Stored items from a collection
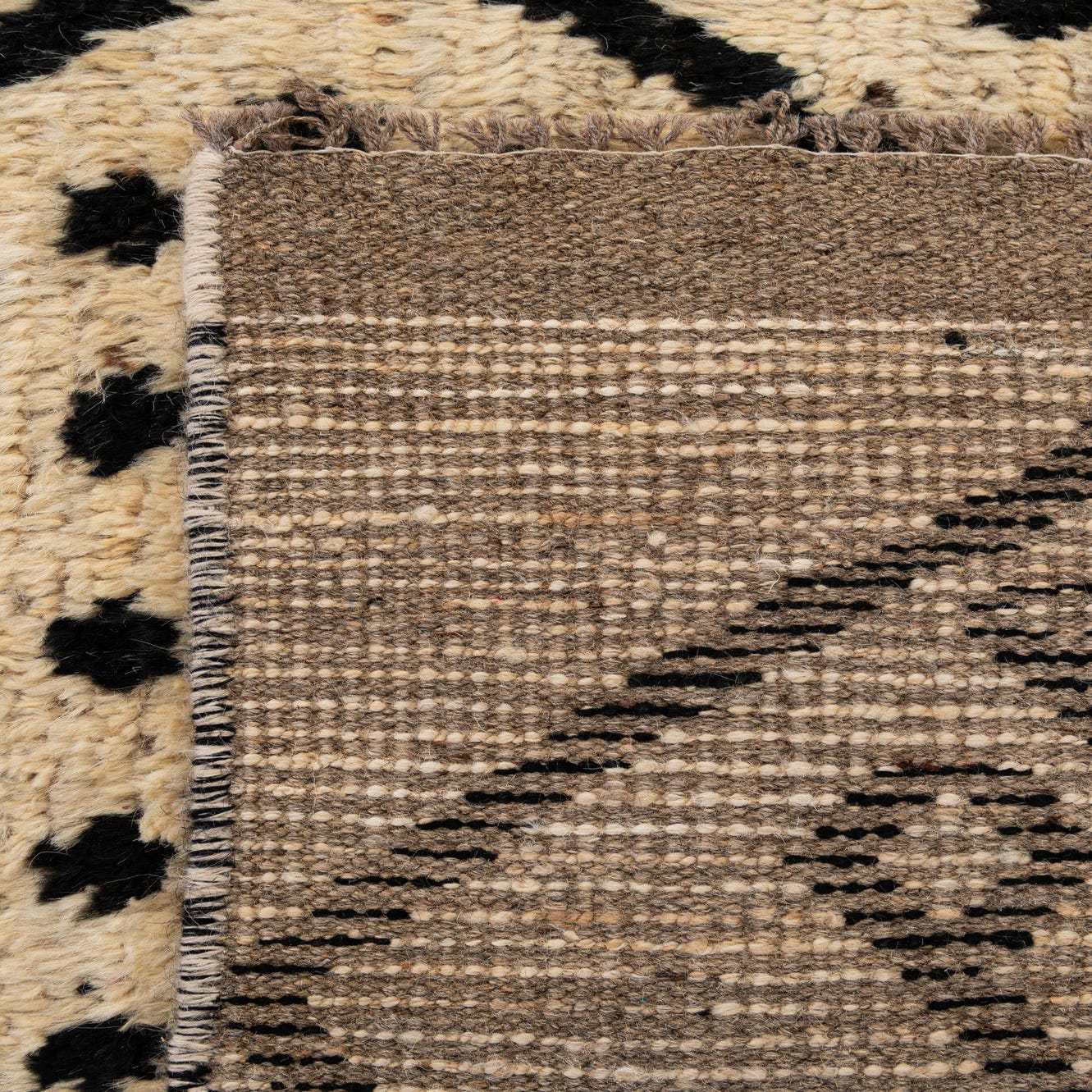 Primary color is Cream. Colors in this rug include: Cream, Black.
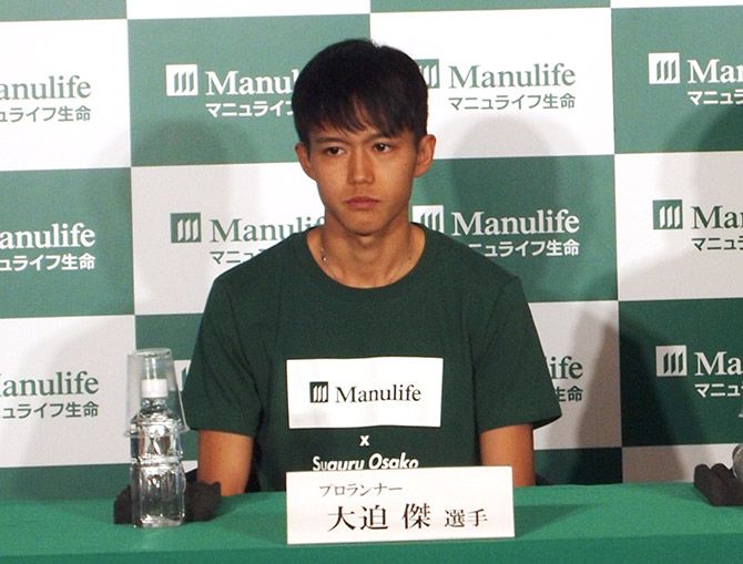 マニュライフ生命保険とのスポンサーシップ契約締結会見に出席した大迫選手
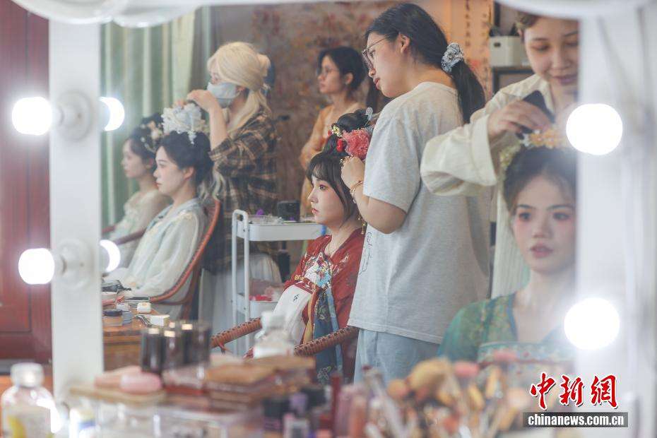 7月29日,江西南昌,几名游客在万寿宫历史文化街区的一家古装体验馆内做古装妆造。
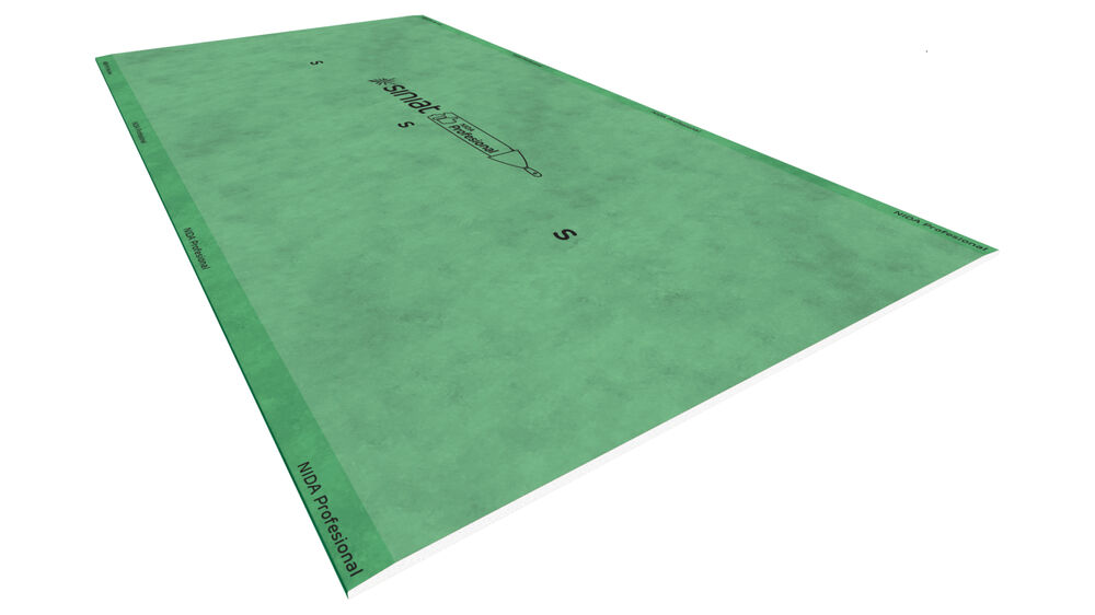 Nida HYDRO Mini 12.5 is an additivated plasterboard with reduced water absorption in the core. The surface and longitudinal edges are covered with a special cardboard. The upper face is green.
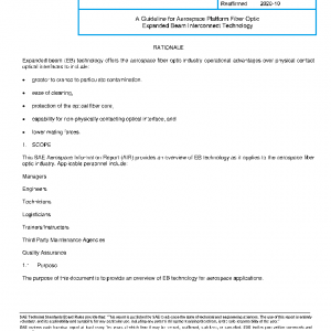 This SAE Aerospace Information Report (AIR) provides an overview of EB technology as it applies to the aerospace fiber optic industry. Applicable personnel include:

YOUR GOAL
Begin at the first line of the entries and stop after the line holding "Nida HYDRO Mini"; repeat those lines exactly, but not the pictures.

RESPONSE
 Primary color is Cream. Colors in this rug include: Cream, Black.
 マニュライフ生命保険とのスポンサーシップ契約締結会見に出席した大迫選手
 7月29日,江西南昌,几名游客在万寿宫历史文化街区的一家古装体验馆内做古装妆造。
 Nida HYDRO Mini 12.5 is an additivated plasterboard with reduced water absorption in the core. The surface and longitudinal edges are covered with a special cardboard. The upper face is green.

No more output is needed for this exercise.